Analysis of the provided information:
Let the original three-digit number be \( ABC \), where A is the hundreds digit, B is the tens digit, and C is the units digit.
When the digits are reversed to form \( CBA \), the number increases by 198.
This translates to the equation:
\[ CBA = ABC + 198 \]
Expressing the numbers in terms of their digits:
\[ ABC = 100A + 10B + C \]
\[ CBA = 100C + 10B + A \]
Substituting these into the equation:
\[ 100C + 10B + A = 100A + 10B + C + 198 \]
Simplifying the equation by combining like terms:
\[ 99C - 99A = 198 \]
Dividing both sides by 99:
\[ C - A = 2 \]
Given that A and C are single-digit integers, the possible pairs for (A, C) are:
\[ (A, C) = (0, 2), (1, 3), (2, 4), (3, 5), (4, 6), (5, 7), (6, 8), (7, 9) \]

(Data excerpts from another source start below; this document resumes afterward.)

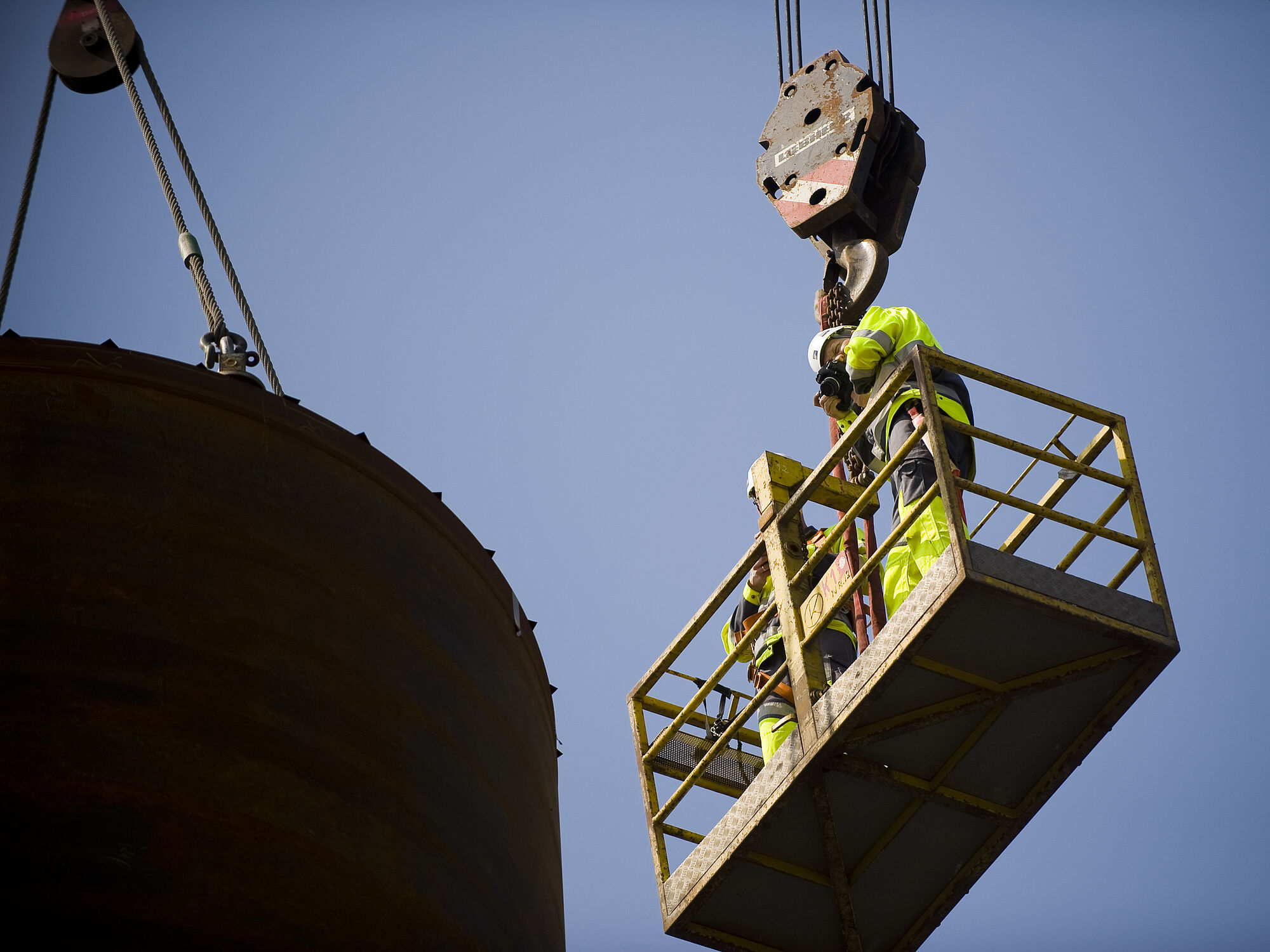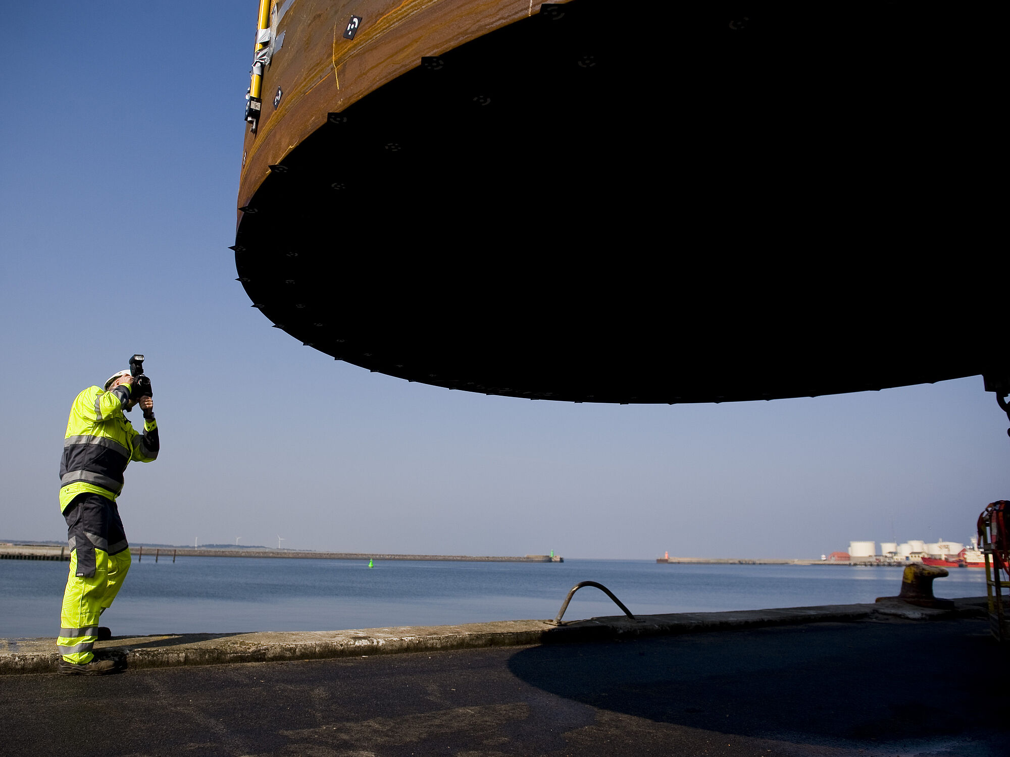 To måleteknikere fra Zebicon brugte 4 timer på at løse opgaven for Vestas Towers, der både bød på målinger siddende på jorden ved havnekajen og i 25 meters højde.
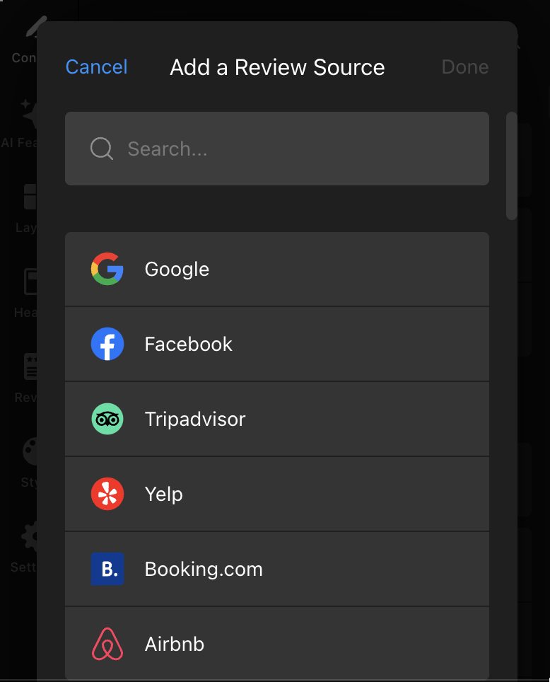 If you have reviews on different platforms (for example, Google and Tripadvisor), simply select the required platforms from the list of available sources.
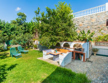 "Amanecer (AMU 103)", 4 -sobna kuća 95 m2. Rustikalno uređena: dnevni boravak/blagovaona s otvorenim kaminom, stolom za blagovanje i TV-om sa sat. prijemnikom. Izlaz na terasu. 1 soba s 1 franc. krevetom (135 cm). 2 sobe, svaka soba s 2 kreveta (90 cm, dužina 200 cm). Mala kuhinja (mini pećnica, pećnica, 4 plamena za kuhanje, toster, kuhalo za vodu, zamrzivač, el. aparat za kavu) s kutom za blagovanje. Sjedeća kada/WC. Velika terasa (djelomično natkrita). Garnitura za sjedenje, vrtni roštilj, ležaljke (8). Na raspolaganju: perilica za rublje, dječji krevetić. Internet (wireless LAN [WLAN], besplatan). Najviše 1 kućni ljubimac / pas dozvoljen. VFT/GR/03413- Značajke smještaja
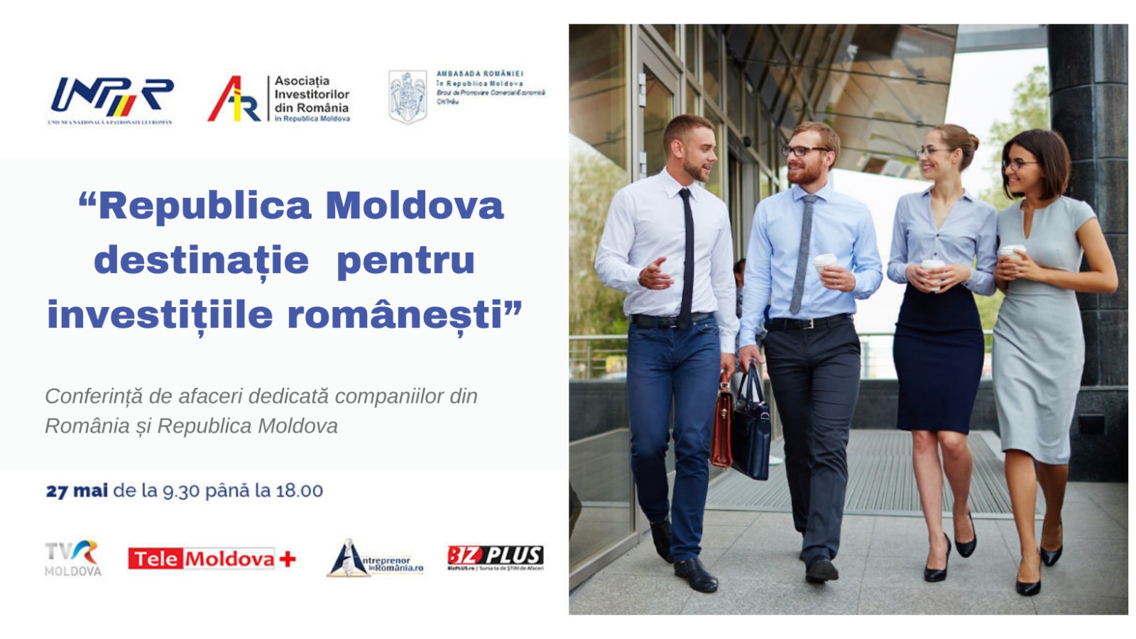 Asociația Investitorilor din România în Republica Moldova (AIR), Uniunea Națională a Patronatului Român (UNPR) și Biroul de Promovare Comercial-Economică Chișinău (BPCEC) din cadrul Ambasadei României în Republica Moldova invită agenții economici să participe la CONFERINȚA DE AFACERI ”Republica Moldova – destinație pentru investițiile românești” ce va avea loc în format on-line, în ziua 27 mai, cu începere la ora 09.30.

Since the number must be a three-digit number, the hundreds digit A cannot be 0. Therefore, the pair (0, 2) is invalid.
This leaves 7 valid combinations for (A, C).
The tens digit B can be any digit from 0 to 9. For each of the 7 valid (A, C) pairs, there are 10 possible values for B.
The total number of three-digit numbers satisfying the given conditions is:
\[ 7 \times 10 = 70 \]
Thus, there are 70 such three-digit numbers.